[Saved entries]
________________
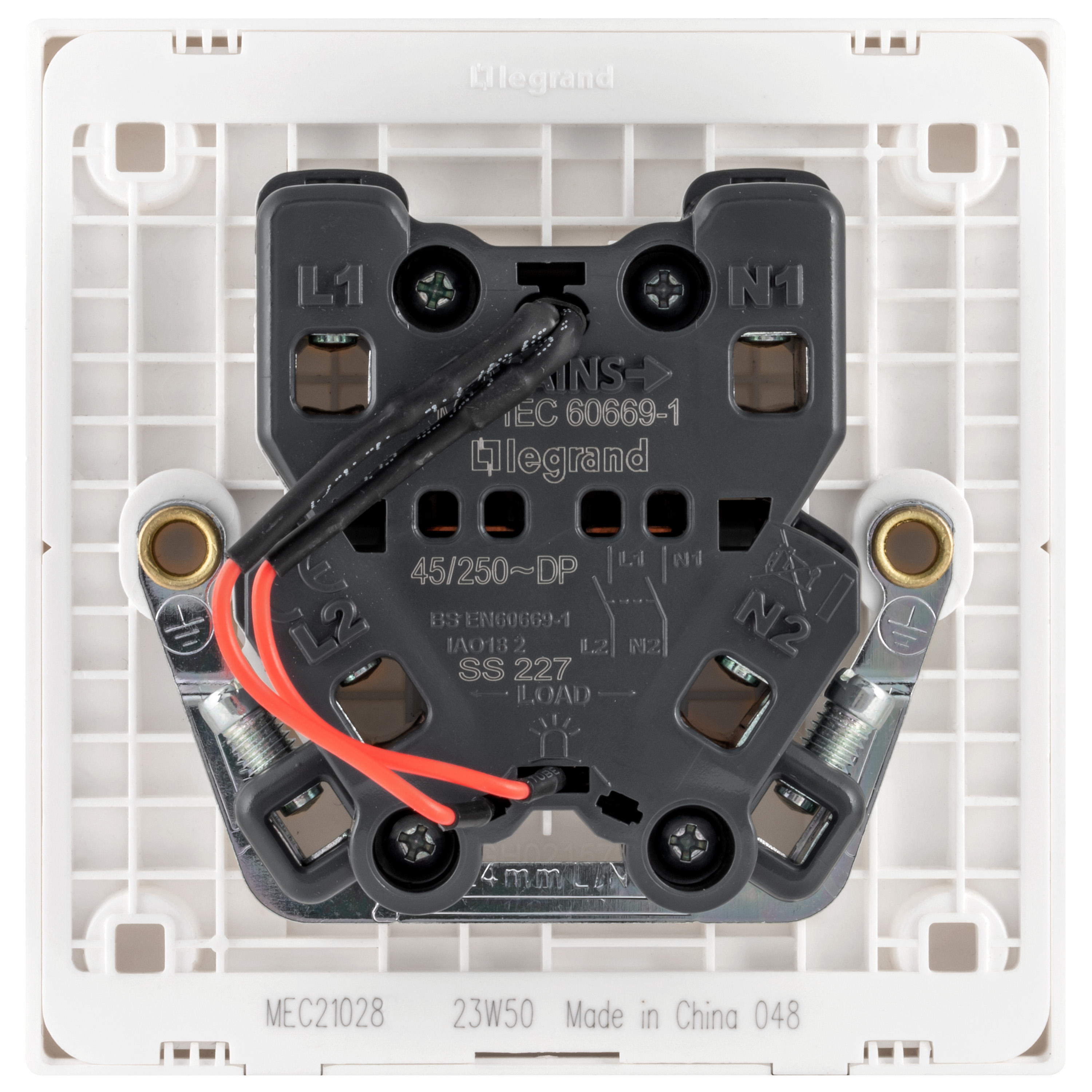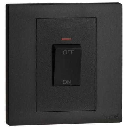 Allows to control the power supply to a 45A electrical device. Features Red LED indicator and white switch.
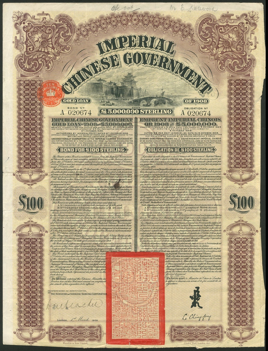 China: 1908 5% Gold Loan, Bond for £100 issued by the Hongkong and Shanghai Banking Corporation, #020674, walled city at top, mauve and black, red chop bottom centre, printed by Waterlow, no coupons remain as is usual. Small ink stain in centre, tear at right edge, VF.
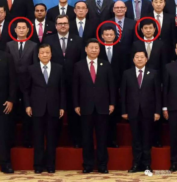 黄金站位,顾名思义就是最好的ACE位(第一排的领导们不在讨论范围),合影正中间、习大大身后的核心位置,很自然地给了互联网三巨头BAT(百度、阿里、腾讯)。
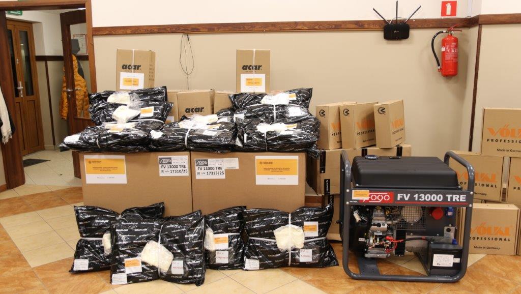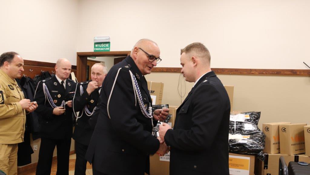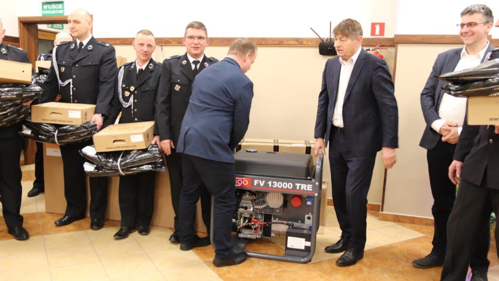 Przede wszystkim dużo zdrowia, spokoju, tyle powrotów co wyjazdów, bo to jest chyba najważniejsze dla strażaka, żeby było jak najmniej tych interwencji, a jak najwięcej ćwiczeń. Takiego pożytku dla ludzi, dla społeczeństwa i dzisiaj to jest namiastka tego sprzętu, który chcemy przekazać. To jest w ramach ochrony ludności. No tak jak tutaj widzimy będą to agregaty prądotwórcze. to są już ubrania bojowe. hełmy pożarnicze i obuwie strażackie.
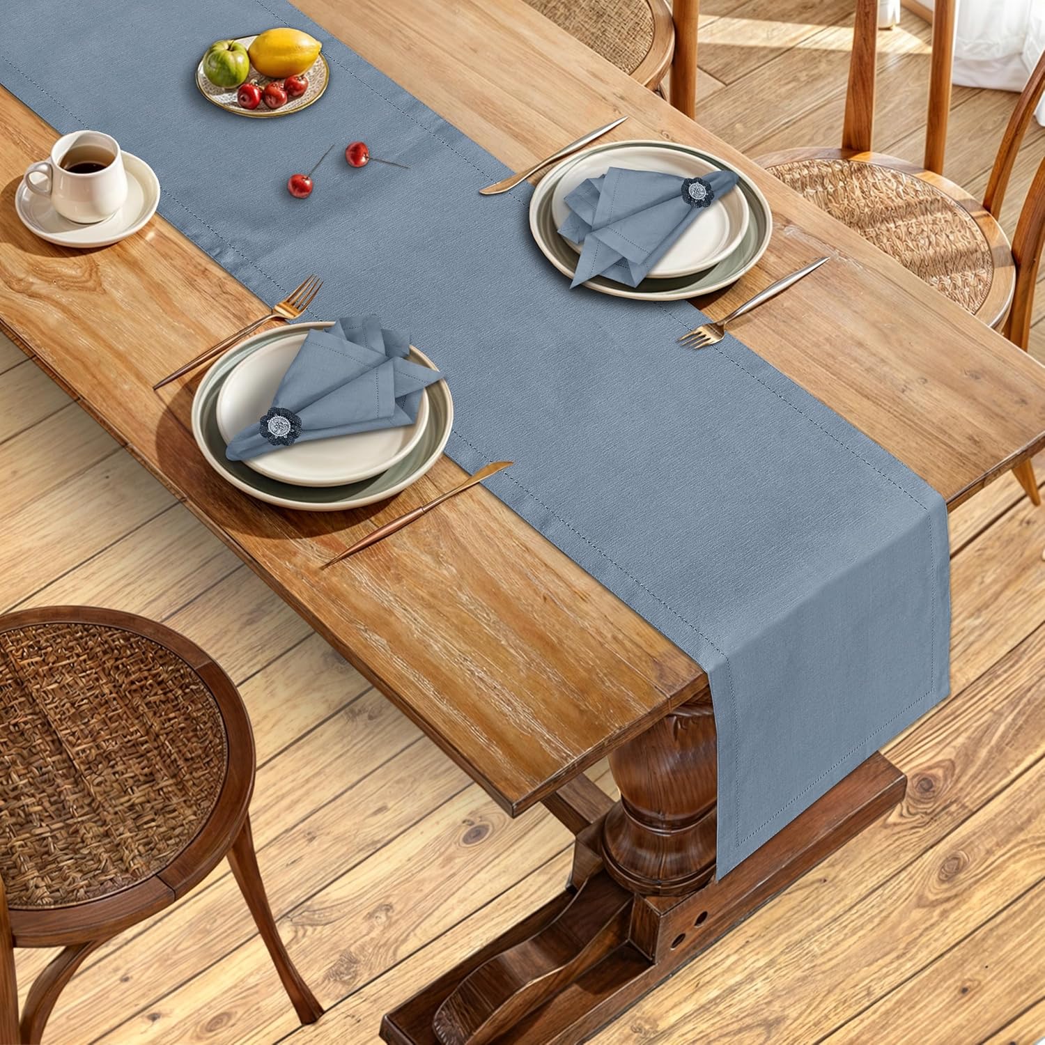 - Premium Material & Anti-Slipping Fabric: These table runners are made with a high-quality blend of 20% flax linen and 80% cotton fabric, known for their exceptional durability and anti-slip properties. Designed to last, these dining table runners feature a breathable texture that softens with time. The classic hemstitching and Mitered corners prevent fraying, adding a sophisticated touch to your table decor.
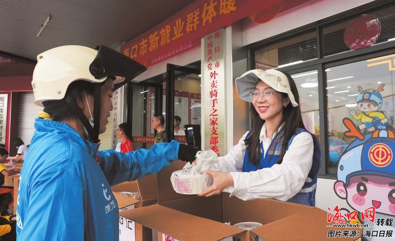 4月23日,在海口市外卖配送企业联合工会骑手之家的暖“新”集市上,外卖骑手正领取免费降暑饮品。记者 杨忠凯 摄
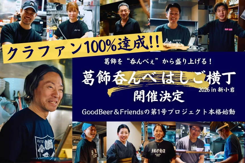 GoodBeer&Friends株式会社が手掛ける「葛飾呑んべクラフトプロジェクト」が本格的にスタートしました!このプロジェクトでは、地域に新たな賑わいと楽しさを生み出すことを目指しており、なんとクラウドファンディングでは目標金額100%を達成。葛飾区を「呑んべぇ」のまちとしてさらに盛り上げる、期待のはしご酒イベント「葛飾呑んべはしご横丁2026 in新小岩」の開催も決定しています。
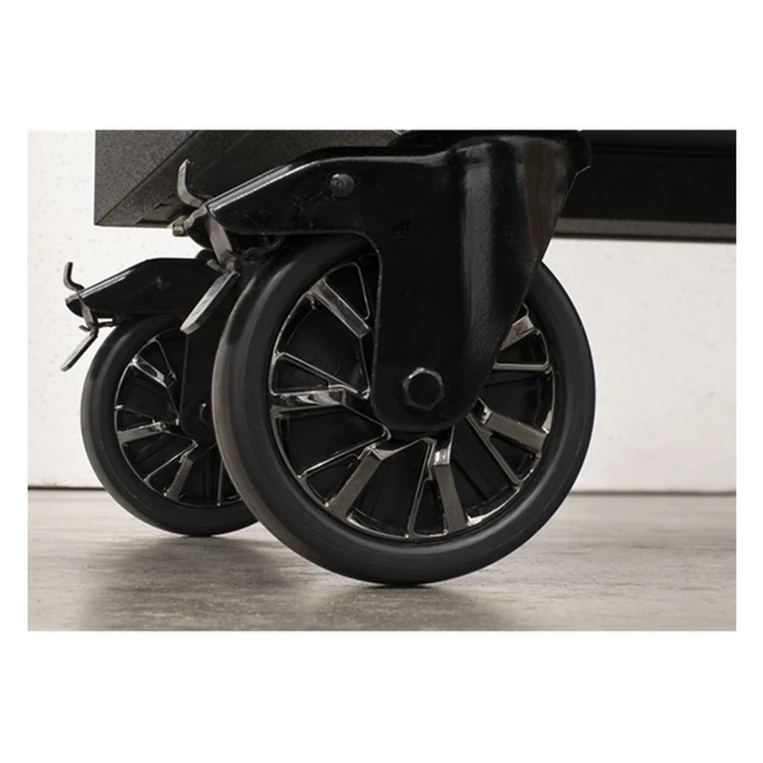 - Fitted with four Ø125mm PP wheels with black chrome effect alloys, two castors with quick release anti-rotation toe locks and two fixed wheels.Â
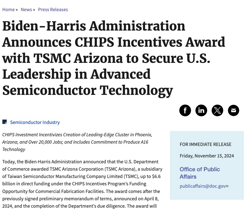 美國補助台積電66億美元。(圖源:美國商務部) 這不,美國商務部在11月15日宣佈,將根據《芯片法》向台積電亞利桑那州廠提供66億美元的資金補助,並特別點名台積電的先進技術。據台灣“中央社”報道,美國商務部在新聞稿中稱,台積電承諾將在美國生產最新的A16製程。 台積電董事長魏哲家稱,這有助台積電“加速”在美發展最先進的半導體製造技術。 A16是台積電今年4月剛發表的先進技術。根據台積電官網資料,A16製程是下一代奈米片技術,採用超級電軌方案,預計2026年下半年量產。一般認為,台積電A16製程為2奈米後的下個關鍵技術節點,有台媒形容“又一關鍵技術將複製到美國廠”。 針對外界關注先進製程可能赴美一事,台積電董事劉鏡清也在台灣立法機構做出了回應,坦言“這不是樂觀其成的問題,而是政治因素”,稱雖然美國成本比較高,但若買方能夠接受、願意下單,台積電有能力製造,就會出貨。 台灣資深媒體人陳鳳馨在網絡節目《東南西北龍鳳配》指出,台積電頻繁在海外設廠,但大多是成熟製程。許多人認為依照台灣法令,最新製程都不得離開台灣,需待最新製程在台發展成熟後,前一代技術才可在海外落腳,但她直言,特朗普明年上任後,台積電對美投資步調可能加快,屆時台灣政治恐無法保住台積電的最新製程。 台灣前“立委”郭正亮表示,美國直接利用補助跟台積電開條件,台灣經濟部門完全聽命於美國政府,“真是台灣的一大悲哀”。 特朗普在美國大選期間,曾多次指責台灣搶走美國芯片生意,應向美國支付“保護費”,並批評拜登政府的《芯片法》“太糟糕”。特朗普認為,與其花錢補貼海外業者赴美設廠,不如直接對其出口產品加徵高關稅,這樣就能迫使他們在美國“自費設廠”。 按照計劃,台積電將在美國亞利桑那州設立3座晶圓廠,第一廠量產4奈米製程,預計在2025年上半年量產;第二廠將採用2奈米或3奈米製程技術,支持AI需求,預計2028年開始生產;第三廠將採用2奈米或更先進的製程技術。(完) 【編輯:石歡歡】
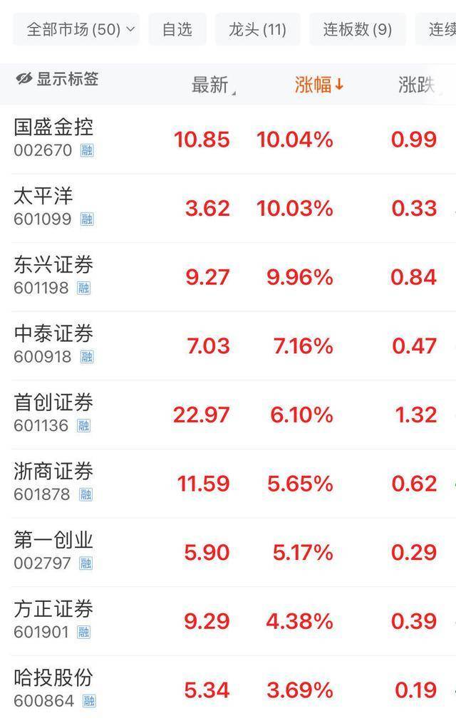 A股证券板块早盘震荡拉升,太平洋、东兴证券、国盛金控涨停,首创证券、中泰证券、浙商证券等涨超6%。
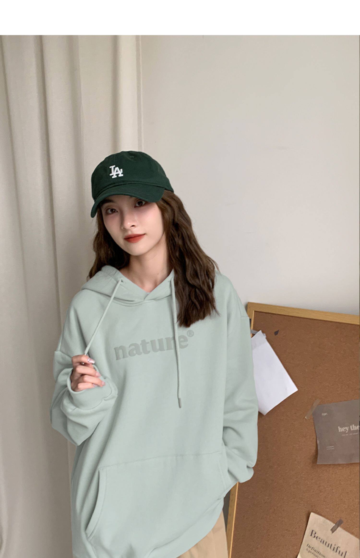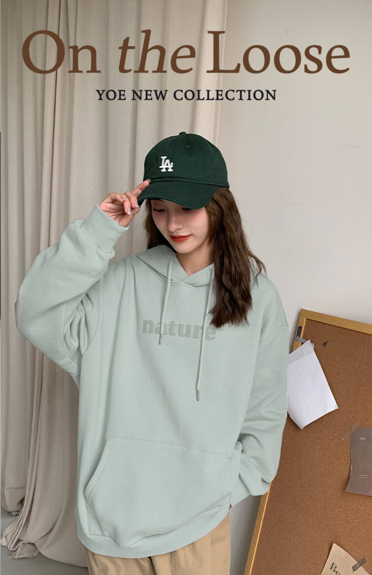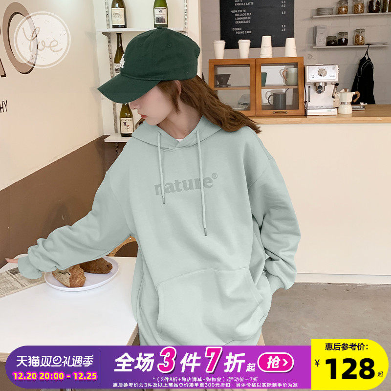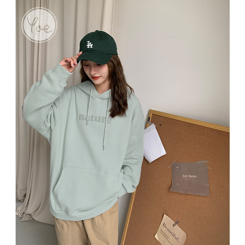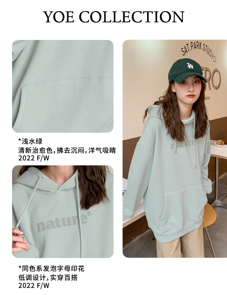 YOE Свитер Женский 23 Осенняя одежда светло -зеленая пена буквы женский дизайн чувства повседневного кармана простая толчка с капюшоном
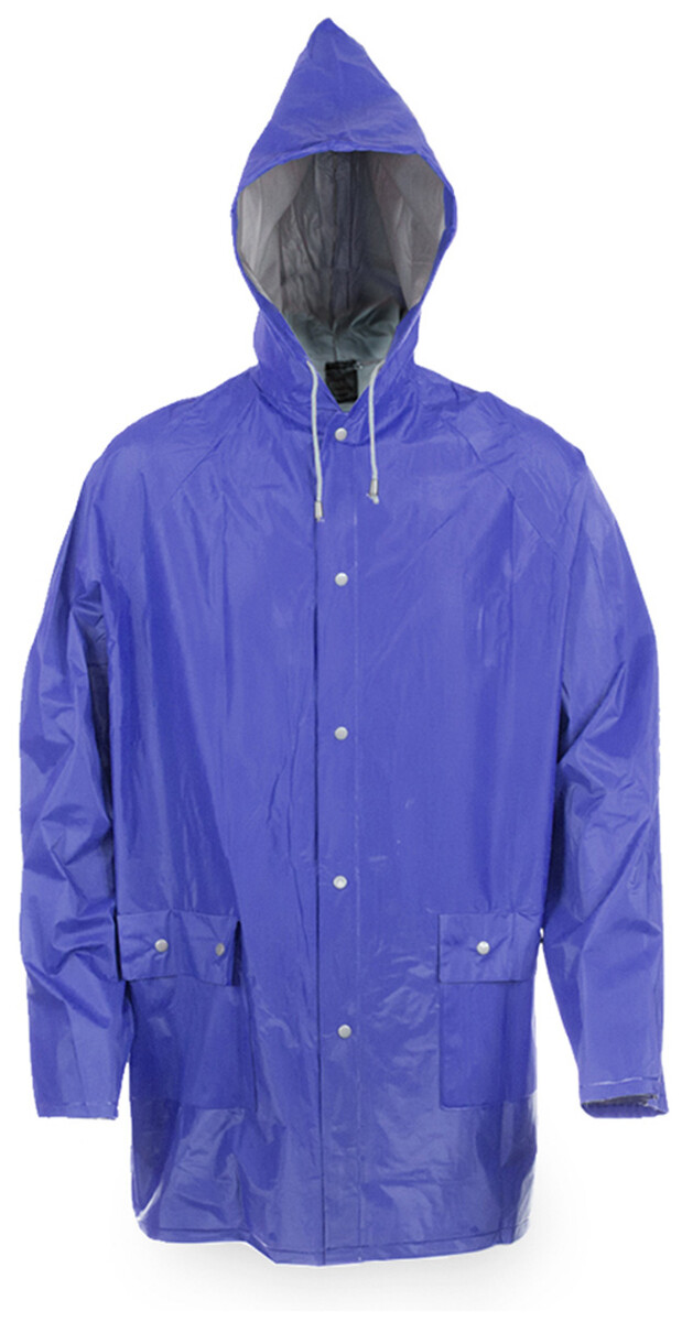 Pláštěnka s kapucí z odolného PVC s žáruvzdornou povrchovou úpravou. Se zapínáním na knoflíky a dvěma předními kapsami.
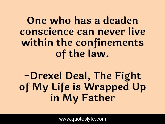 This page presents the quote "One who has a deaden conscience can never live within the confinements of the law.". Author of this quote is Drexel Deal, The Fight of My Life is Wrapped Up in My Father. This quote is about criminals, violence, law-abiding, good-citizens, law-breakers, cold-hearted,.
________________
** DIRECTIONS FOR THIS TASK **
Nothing but the lines from the line containing "Pláštěnka s kapucí" through the end of the data, both ends included, is to be reproduced, exactly as written and without the pictures.

** OUTPUT BELOW **
 Pláštěnka s kapucí z odolného PVC s žáruvzdornou povrchovou úpravou. Se zapínáním na knoflíky a dvěma předními kapsami.
 This page presents the quote "One who has a deaden conscience can never live within the confinements of the law.". Author of this quote is Drexel Deal, The Fight of My Life is Wrapped Up in My Father. This quote is about criminals, violence, law-abiding, good-citizens, law-breakers, cold-hearted,.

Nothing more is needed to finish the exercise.